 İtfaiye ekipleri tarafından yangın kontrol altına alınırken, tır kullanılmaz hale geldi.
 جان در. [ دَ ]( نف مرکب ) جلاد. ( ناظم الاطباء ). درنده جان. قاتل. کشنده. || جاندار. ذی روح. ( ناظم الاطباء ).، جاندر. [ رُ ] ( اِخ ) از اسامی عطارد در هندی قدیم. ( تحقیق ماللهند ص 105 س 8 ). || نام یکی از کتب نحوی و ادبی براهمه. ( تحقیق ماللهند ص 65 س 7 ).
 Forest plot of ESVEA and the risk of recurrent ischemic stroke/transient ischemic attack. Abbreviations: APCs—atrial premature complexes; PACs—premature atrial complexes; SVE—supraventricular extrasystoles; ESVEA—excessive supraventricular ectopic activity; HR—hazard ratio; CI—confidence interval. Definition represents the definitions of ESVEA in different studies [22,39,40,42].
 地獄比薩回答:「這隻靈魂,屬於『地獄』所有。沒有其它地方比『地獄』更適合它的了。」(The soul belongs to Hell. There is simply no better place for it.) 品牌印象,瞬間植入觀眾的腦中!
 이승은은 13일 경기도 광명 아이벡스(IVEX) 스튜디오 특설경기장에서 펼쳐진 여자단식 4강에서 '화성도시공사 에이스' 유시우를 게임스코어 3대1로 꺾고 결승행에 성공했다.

* * *

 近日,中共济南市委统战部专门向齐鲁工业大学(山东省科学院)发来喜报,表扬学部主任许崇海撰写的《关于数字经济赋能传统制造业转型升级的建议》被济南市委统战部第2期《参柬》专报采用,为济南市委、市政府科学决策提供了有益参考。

## [ASSIGNMENT]
Write out exactly the lines above from the line with "İtfaiye ekipleri tarafından" through the line with "이승은은 13일 경기도", both of them included, and leave out all other lines.

## [EXPECTED ANSWER]
 İtfaiye ekipleri tarafından yangın kontrol altına alınırken, tır kullanılmaz hale geldi.
 جان در. [ دَ ]( نف مرکب ) جلاد. ( ناظم الاطباء ). درنده جان. قاتل. کشنده. || جاندار. ذی روح. ( ناظم الاطباء ).، جاندر. [ رُ ] ( اِخ ) از اسامی عطارد در هندی قدیم. ( تحقیق ماللهند ص 105 س 8 ). || نام یکی از کتب نحوی و ادبی براهمه. ( تحقیق ماللهند ص 65 س 7 ).
 Forest plot of ESVEA and the risk of recurrent ischemic stroke/transient ischemic attack. Abbreviations: APCs—atrial premature complexes; PACs—premature atrial complexes; SVE—supraventricular extrasystoles; ESVEA—excessive supraventricular ectopic activity; HR—hazard ratio; CI—confidence interval. Definition represents the definitions of ESVEA in different studies [22,39,40,42].
 地獄比薩回答:「這隻靈魂,屬於『地獄』所有。沒有其它地方比『地獄』更適合它的了。」(The soul belongs to Hell. There is simply no better place for it.) 品牌印象,瞬間植入觀眾的腦中!
 이승은은 13일 경기도 광명 아이벡스(IVEX) 스튜디오 특설경기장에서 펼쳐진 여자단식 4강에서 '화성도시공사 에이스' 유시우를 게임스코어 3대1로 꺾고 결승행에 성공했다.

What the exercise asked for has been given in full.